Preparation and Characterization of Ascosome Vesicles Loaded with Khellin
J Pharm Sci 2020 Oct;109(10):3114-3124.PMID:32565350DOI:10.1016/j.xphs.2020.06.017.
Ascorbic acid has a unique role in the prevention and treatment of a large number of chronic diseases, including skin disorders but it can hardly penetrate the skin due to its solubility in water and its high instability. This study explored the formation of phosphatidylcholine-based vesicles upon addition of ascorbyl octanoate or decanoate, and their potential value as drug delivery systems. Khellin, a natural furanochromone with numerous applications in skin pathologies was loaded as model drug in ascosomes. Ascosomes had narrow size distribution, adequate encapsulation efficiency, long-term stability, and antioxidant properties. Increasing amounts of loaded Khellin resulted in a reduction of the vesicle average size, without affecting the polydispersity, suggesting a stabilizing effect. Ascorbyl alkanoates produced remarkably different bilayer organizations and different capabilities to accommodate Khellin in the hydrophobic pocket of the vesicles.
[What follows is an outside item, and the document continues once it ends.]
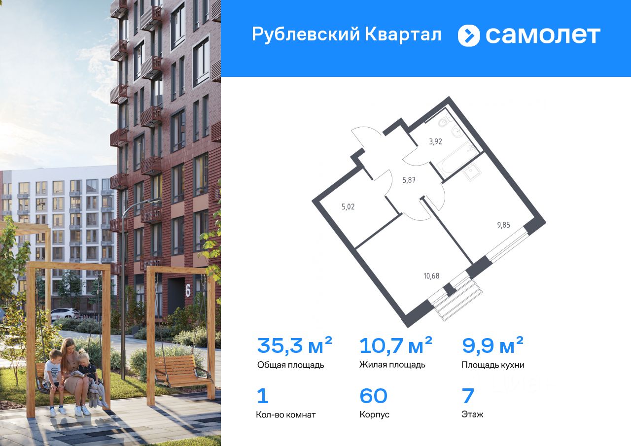 Строим кварталы для жизни с заботой о будущем. Предлагается 1-комнатная квартира комфорт-класса 35,34 кв.м в корпусе 60 на 7 этаже, в ЖК ''Рублевский Квартал'' Квартира с чистовой отделкой. Доступность дополнительных опций уточняйте у застройщика.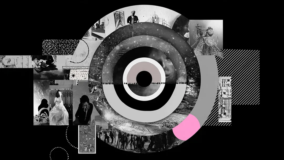 Portal-tech website, monochrome collage, dotted details, dark themed

The addition ascorbyl alkanoates reduced the amount of water molecules strongly bound to the polar headgroups. Moreover, the loading of Khellin did not induce any significant hydration change in the unilamellar vesicular systems. The narrow size distribution, adequate encapsulation efficiency and long-term stability of ascosomes loaded with Khellin, make these nanostructures suitable for dermatological use and other routes of administrations, preserving the biological properties of ascorbic acid.